PROBLEM REQUIREMENTS. Return all of the entries word for word, but omit the pictures they contain.

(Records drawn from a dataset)

=== Begin Enclosure ===

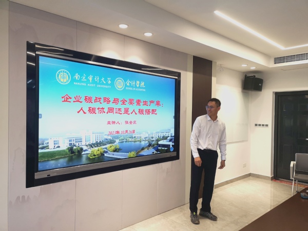为了提高学术能力,云顶国际8588yd通过敏知会计学术沙龙这一学术交流平台组织教师和研究生深入科研交流,共同分析讨论学术问题,激发学术活力和学术创新,促进学术研究。根据学院安排,2023年10月26日敏知会计学术沙龙(第21期)由云顶国际8588yd张金泉老师作主题为 “企业碳战略与全要素生产率:人碳协同还是人碳错配?”的学术研讨。
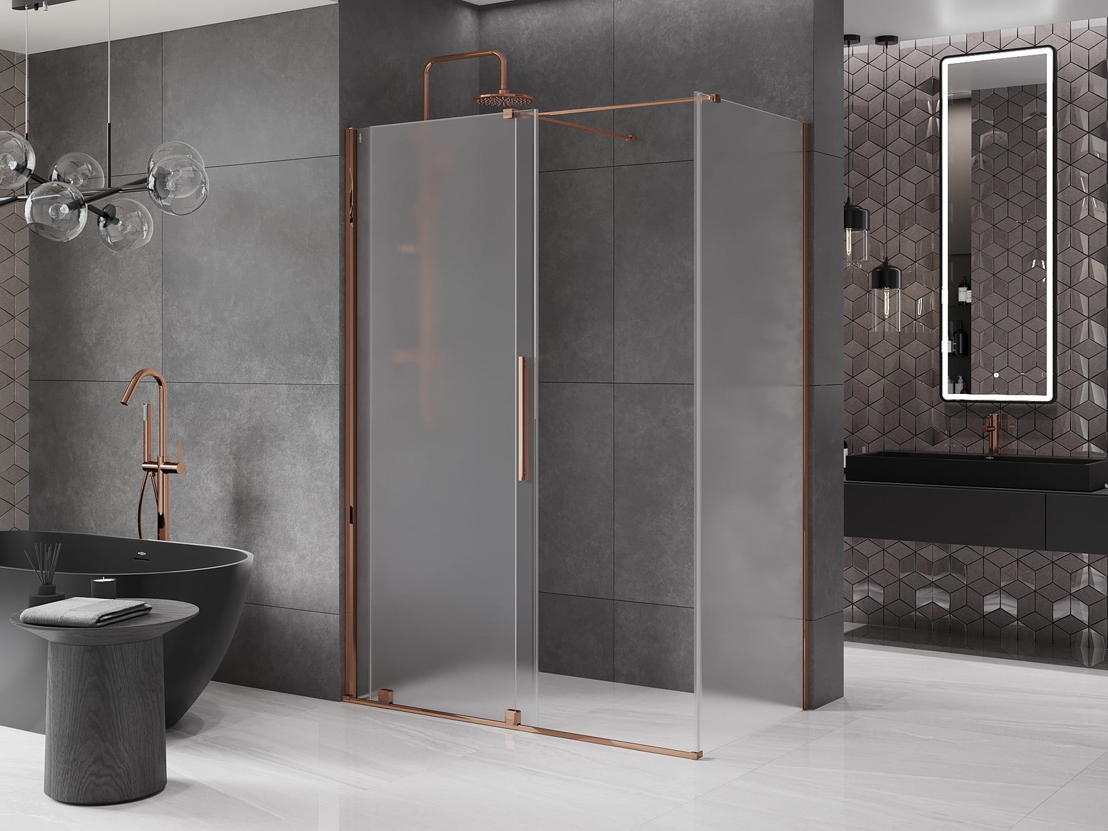 Zahvaljujoč uporabi univerzalnega sistema montaže je mogoče pršne vrata namestiti na desni ali levi strani, odvisno od potreb. Zahvaljujoč temu lahko z lahkoto oblikujete prho, prilagojeno prostoru v kopalnici.
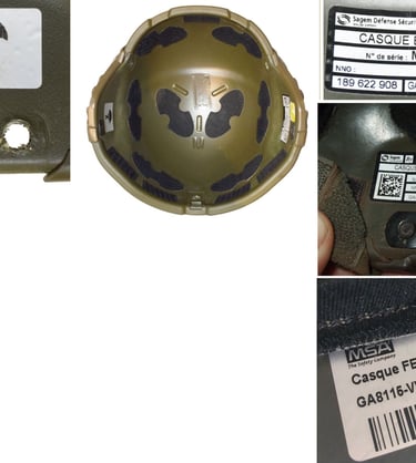 L'étiquette noire (dans l'oreille gauche) indiquait Sagem et MSA dessus et le casque se nommait "Casque Équipé".
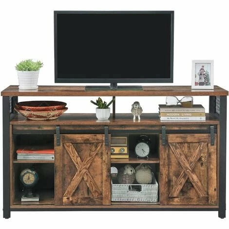 Portes coulissantesLes doubles portes sur coulisse métallique vous permettent d’attraper facilement les objets dont vous avez besoin tout en apportant également une touche de charme à la pièce. | Portes imitation grangeAvec un design en forme de X sur les portes, ce meuble TV ajoute une touche rustique et champêtre à votre espace de divertissement. | Étagère réglableL’étagère du milieu est réglable sur 3 hauteurs, ce qui est parfait pour divers objets, grands ou petits. |
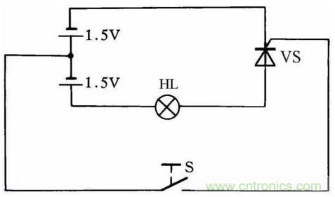 利用圖30所示的簡便方法可檢查晶閘管的好壞。當(dāng)開關(guān)S斷開時燈泡不亮,而當(dāng)開關(guān)S閉合后燈泡發(fā)亮,說明晶閘管能導(dǎo)通工作,否則晶閘管就是壞的。此方法對一般晶閘管均能測試,燈泡選用1.5V小電珠燈泡。
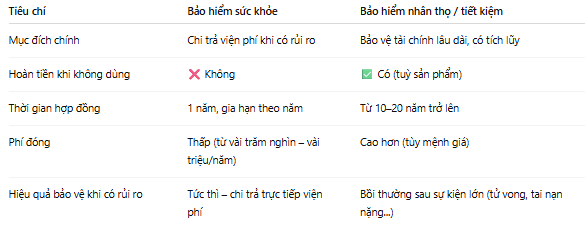 Khác với bảo hiểm nhân thọ (chi trả khi tử vong) hay bảo hiểm tiết kiệm (có lãi, hoàn tiền), thì:Bảo hiểm sức khỏe là loại bảo hiểm phi nhân thọ, được thiết kế để:
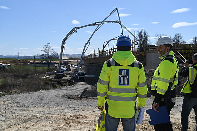 Stavebníci betonují most v Porubě u Valašského Meziříčí, který je součástí Palačovské spojky. (duben 2025)
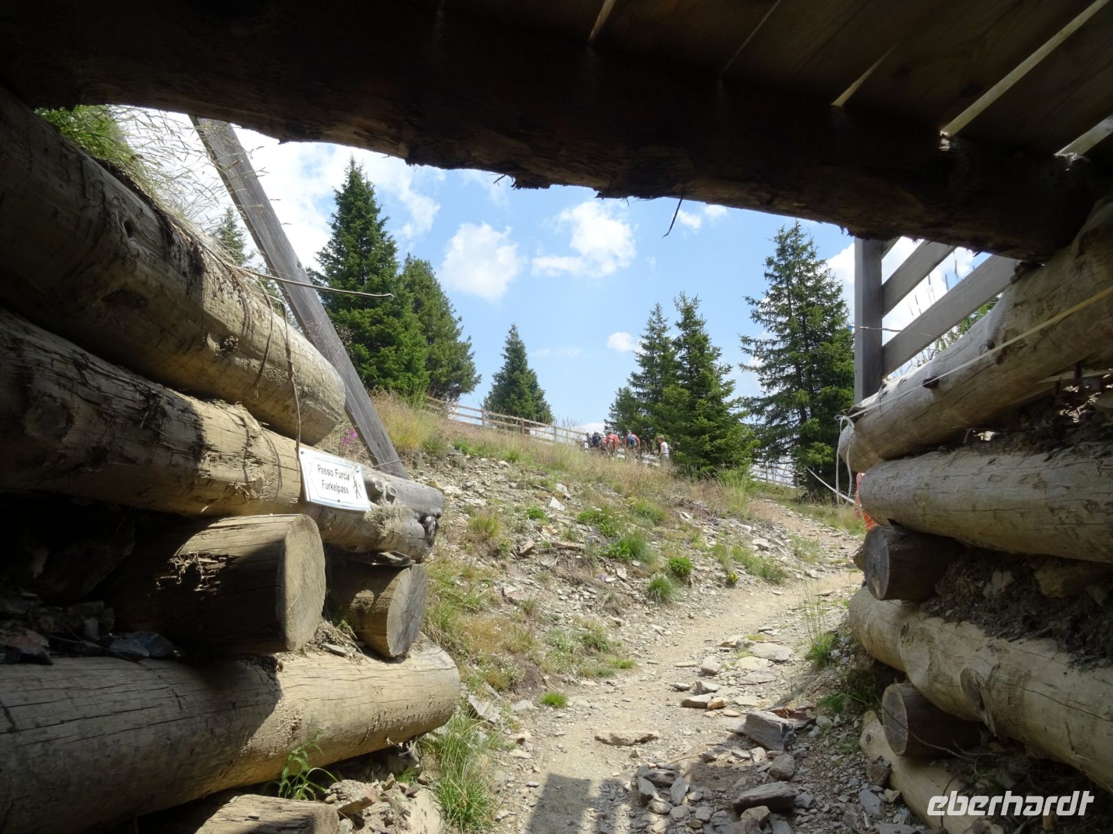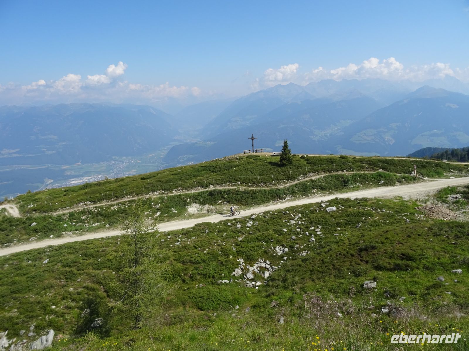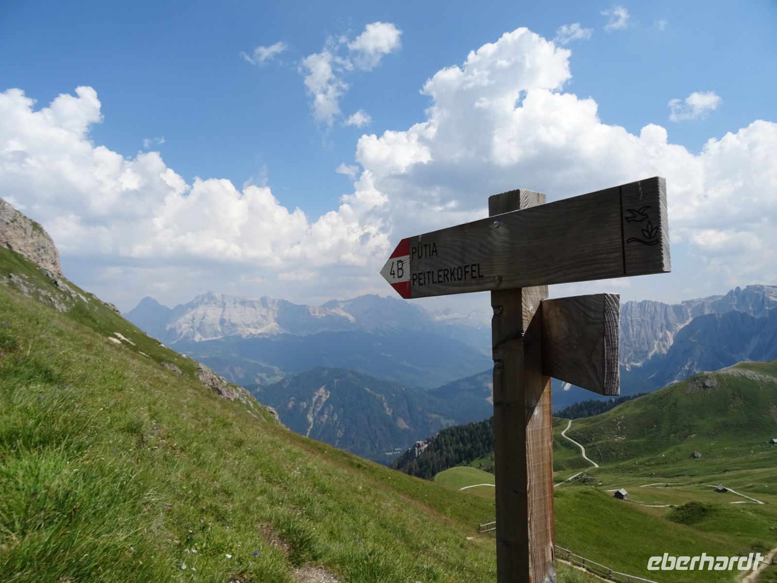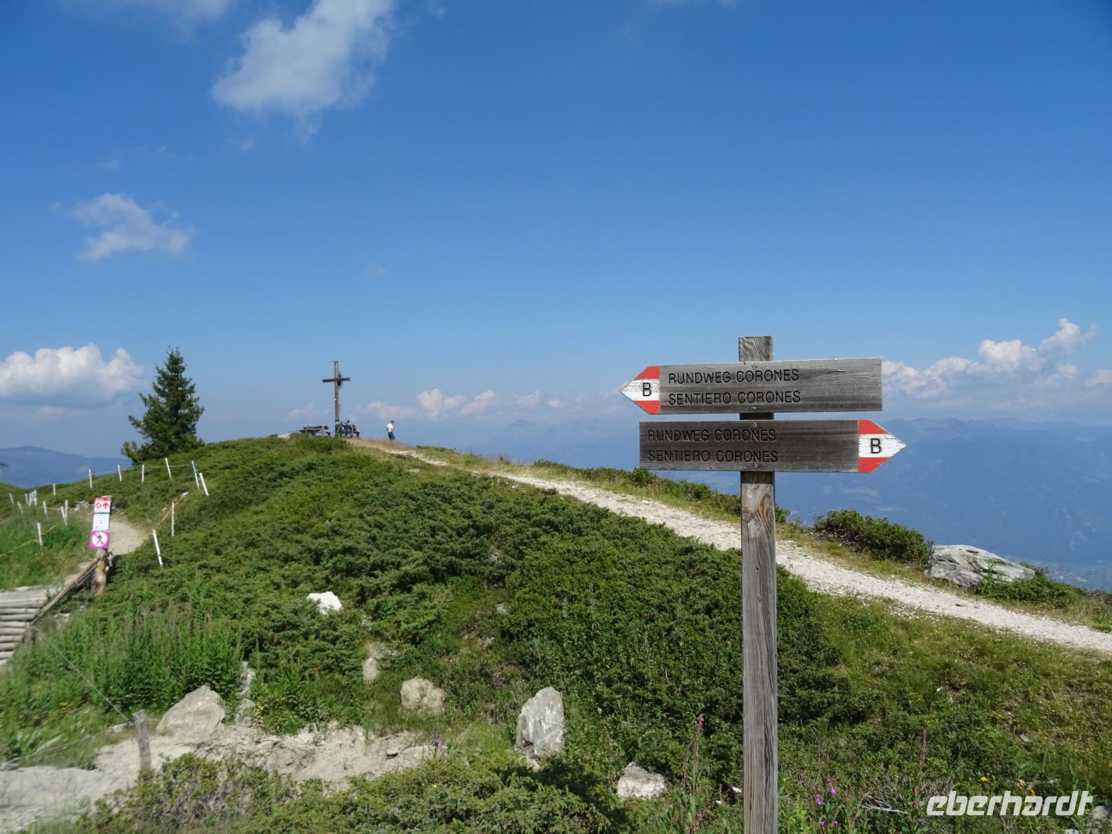 Trotz etwas diesiger Sicht freuen wir uns wieder über das Kaiserwetter und wandern als erstes entlang des Kronplatzrundweges und genießen die umgebene Landschaft. Auch unser morgiges Ziel, den Peitlerkofel, können wir in der Ferne erspäen. Nun ist es bis zu unserem Ausgangspunkt nicht mehr weit und bevor wir Messners „Krönung“ besichtigen, stärken wir uns wieder bei einer zünftigen Mittagsrast.
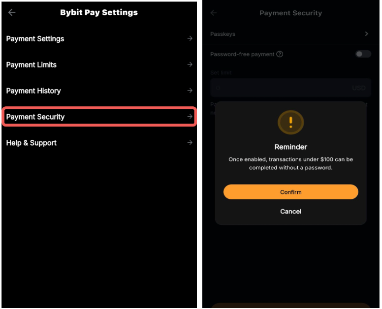Anda dapat mengaktifkan pembayaran Bebas Kata Sandi dari Pengaturan Bybit Pay → Keamanan Pembayaran.

=== End Enclosure ===

YOUR RESPONSE.
为了提高学术能力,云顶国际8588yd通过敏知会计学术沙龙这一学术交流平台组织教师和研究生深入科研交流,共同分析讨论学术问题,激发学术活力和学术创新,促进学术研究。根据学院安排,2023年10月26日敏知会计学术沙龙(第21期)由云顶国际8588yd张金泉老师作主题为 “企业碳战略与全要素生产率:人碳协同还是人碳错配?”的学术研讨。
 Zahvaljujoč uporabi univerzalnega sistema montaže je mogoče pršne vrata namestiti na desni ali levi strani, odvisno od potreb. Zahvaljujoč temu lahko z lahkoto oblikujete prho, prilagojeno prostoru v kopalnici.
 L'étiquette noire (dans l'oreille gauche) indiquait Sagem et MSA dessus et le casque se nommait "Casque Équipé".
 Portes coulissantesLes doubles portes sur coulisse métallique vous permettent d’attraper facilement les objets dont vous avez besoin tout en apportant également une touche de charme à la pièce. | Portes imitation grangeAvec un design en forme de X sur les portes, ce meuble TV ajoute une touche rustique et champêtre à votre espace de divertissement. | Étagère réglableL’étagère du milieu est réglable sur 3 hauteurs, ce qui est parfait pour divers objets, grands ou petits. |
 利用圖30所示的簡便方法可檢查晶閘管的好壞。當(dāng)開關(guān)S斷開時燈泡不亮,而當(dāng)開關(guān)S閉合后燈泡發(fā)亮,說明晶閘管能導(dǎo)通工作,否則晶閘管就是壞的。此方法對一般晶閘管均能測試,燈泡選用1.5V小電珠燈泡。
 Khác với bảo hiểm nhân thọ (chi trả khi tử vong) hay bảo hiểm tiết kiệm (có lãi, hoàn tiền), thì:Bảo hiểm sức khỏe là loại bảo hiểm phi nhân thọ, được thiết kế để:
 Stavebníci betonují most v Porubě u Valašského Meziříčí, který je součástí Palačovské spojky. (duben 2025)
 Trotz etwas diesiger Sicht freuen wir uns wieder über das Kaiserwetter und wandern als erstes entlang des Kronplatzrundweges und genießen die umgebene Landschaft. Auch unser morgiges Ziel, den Peitlerkofel, können wir in der Ferne erspäen. Nun ist es bis zu unserem Ausgangspunkt nicht mehr weit und bevor wir Messners „Krönung“ besichtigen, stärken wir uns wieder bei einer zünftigen Mittagsrast.
Anda dapat mengaktifkan pembayaran Bebas Kata Sandi dari Pengaturan Bybit Pay → Keamanan Pembayaran.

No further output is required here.